O clássico ponteiro do rato, que permaneceu inalterado durante décadas com funções limitadas a apontar e clicar, está prestes a dar o seu maior salto tecnológico. Segundo revelou a Google DeepMind, o objetivo passa por fundir o cursor com inteligência artificial contextual, permitindo que o sistema compreenda exatamente o que está a ser assinalado no ecrã, a sua relevância e a ação pretendida pelo utilizador.
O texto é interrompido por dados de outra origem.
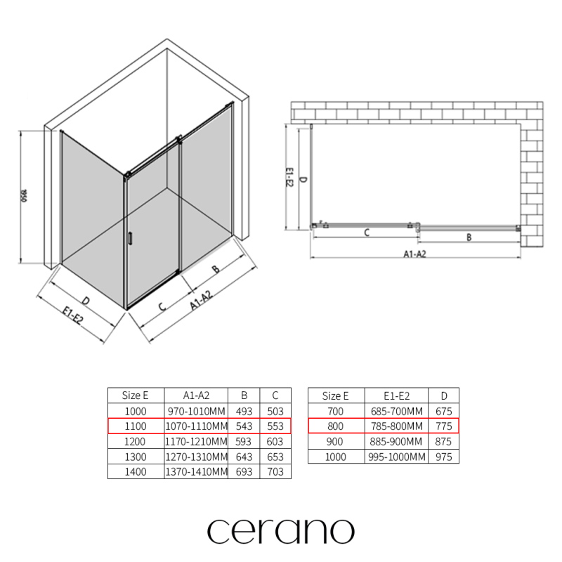 V rámci této série nabízíme širokou škálu rozměrů, abychom uspokojili různé potřeby našich zákazníků. Všechny sprchové kouty, dveře a zástěny značky CERANO jsou plně kompatibilní se sprchovými vaničkami CERANO ve stejných rozměrech, což zajišťuje bezproblémovou instalaci a dokonalé sladění. Sprchový kout lze navíc instalovat flexibilně – buď na odpovídající sprchovou vaničku, nebo přímo na podlahu podle vašich preferencí a možností koupelny.

O fim dos comandos longos e a transição para a proatividade
A visão da divisão de investigação da Google assenta na inversão da tradicional rotina de uso. Em vez de obrigar o utilizador a abrir a janela de um modelo de linguagem, copiar conteúdos e redigir instruções complexas para dar contexto, a ideia é fundir a assistência diretamente nos fluxos de trabalho, páginas web ou documentos. Basta apontar para um elemento e transmitir uma ordem natural através da voz.
Para sustentar esta mecânica, foram delineados quatro princípios fundamentais: preservar o fluxo de trabalho sem alternar constantemente entre janelas; aplicar o conceito de "mostrar e dizer" conjugando o ponteiro com ordens breves; tirar partido de expressões humanas naturais como "isto" ou "aquilo"; e transformar simples píxeis em entidades acionáveis, descodificando datas, tabelas ou código.
Na prática, o sistema consegue interpretar o apontar para um ficheiro PDF e extrair um resumo em tópicos diretamente para um email, converter uma tabela num gráfico visual, ou transformar notas manuscritas numa lista de tarefas. A gigante tecnológica começou já a integrar inteligência artificial no Chrome, permitindo ao Gemini interagir com áreas específicas das páginas web assinaladas pelo cursor.
Exclusividade no ecossistema da marca e os desafios de autonomia
Esta rotina proativa está centralizada nos futuros computadores portáteis Googlebook e desenhada para impulsionar o novo sistema Aluminium OS. Em resultado desta estratégia, as funcionalidades multimodais marcam a sua estreia exclusiva nestes equipamentos, ficando de fora de plataformas distintas como o Windows 11, macOS ou Linux.
O movimento insere-se na implementação da Gemini Intelligence, concebida para atuar de forma proativa em todo o ecossistema da marca. O plano engloba a automação de tarefas entre diferentes aplicações, o preenchimento de formulários complexos e a conversão de áudio em texto limpo através da ferramenta Rambler. A expansão arranca no verão nos telemóveis mais recentes da linha Samsung Galaxy e Google Pixel, estendendo-se gradualmente a relógios, automóveis e óculos inteligentes.
Apesar de rivais como a Microsoft explorarem soluções visuais com o Click to Do nos PCs Copilot+ e a Apple integrar a Visual Intelligence no iPhone, a Google aposta no cursor como uma interface multimodal contínua. Contudo, a necessidade de processamento local ou ligação permanente à nuvem levanta questões incontornáveis sobre o impacto na autonomia da bateria. Para mitigar receios de intrusão, a empresa assegura que o controlo permanecerá do lado humano, exigindo confirmações explícitas para a execução de tarefas sensíveis.